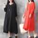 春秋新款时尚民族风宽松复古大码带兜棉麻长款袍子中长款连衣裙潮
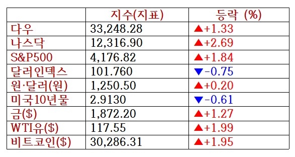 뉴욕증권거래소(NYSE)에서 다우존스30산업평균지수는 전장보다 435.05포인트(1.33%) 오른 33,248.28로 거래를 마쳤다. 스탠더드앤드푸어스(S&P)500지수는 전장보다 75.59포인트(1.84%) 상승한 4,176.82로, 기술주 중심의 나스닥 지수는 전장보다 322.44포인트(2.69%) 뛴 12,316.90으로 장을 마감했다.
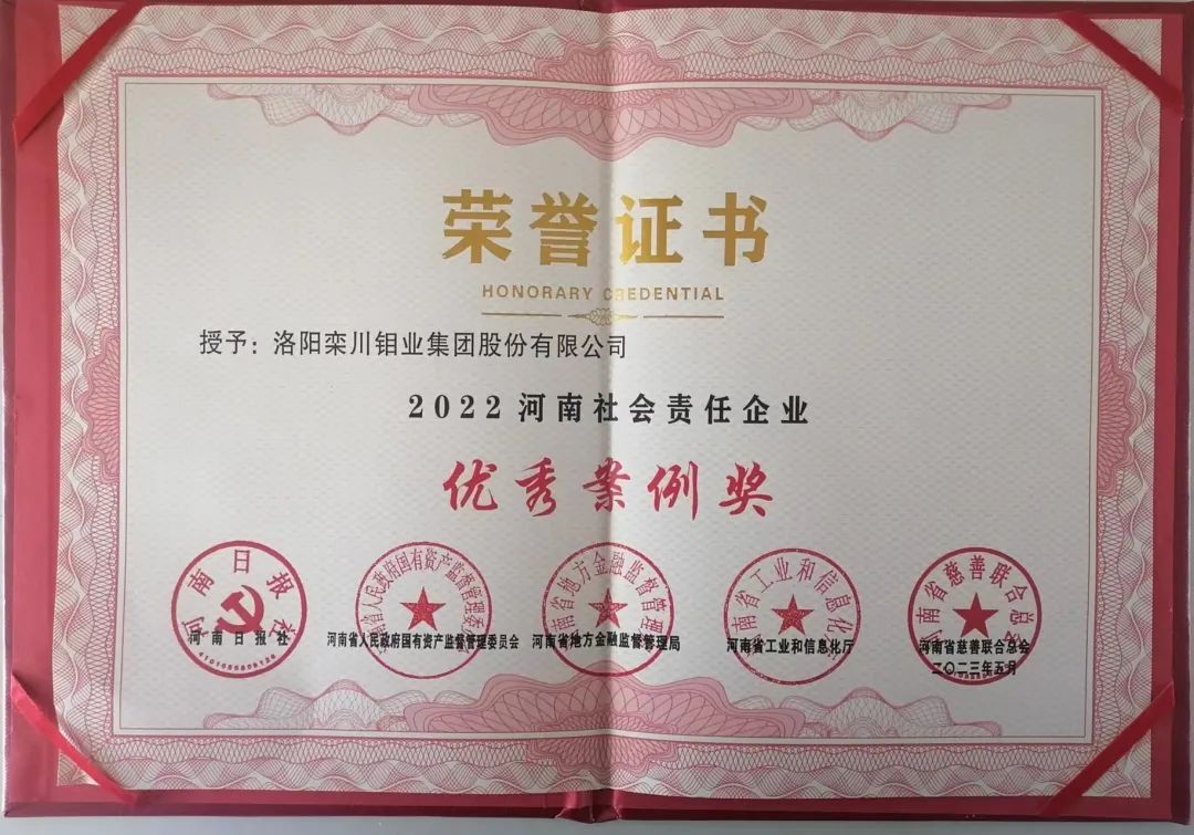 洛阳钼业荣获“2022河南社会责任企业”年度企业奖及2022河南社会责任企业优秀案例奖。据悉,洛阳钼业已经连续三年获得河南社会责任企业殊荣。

Exercise directions
Repeat the material exactly and drop each image.

Response below
 春秋新款时尚民族风宽松复古大码带兜棉麻长款袍子中长款连衣裙潮
 뉴욕증권거래소(NYSE)에서 다우존스30산업평균지수는 전장보다 435.05포인트(1.33%) 오른 33,248.28로 거래를 마쳤다. 스탠더드앤드푸어스(S&P)500지수는 전장보다 75.59포인트(1.84%) 상승한 4,176.82로, 기술주 중심의 나스닥 지수는 전장보다 322.44포인트(2.69%) 뛴 12,316.90으로 장을 마감했다.
 洛阳钼业荣获“2022河南社会责任企业”年度企业奖及2022河南社会责任企业优秀案例奖。据悉,洛阳钼业已经连续三年获得河南社会责任企业殊荣。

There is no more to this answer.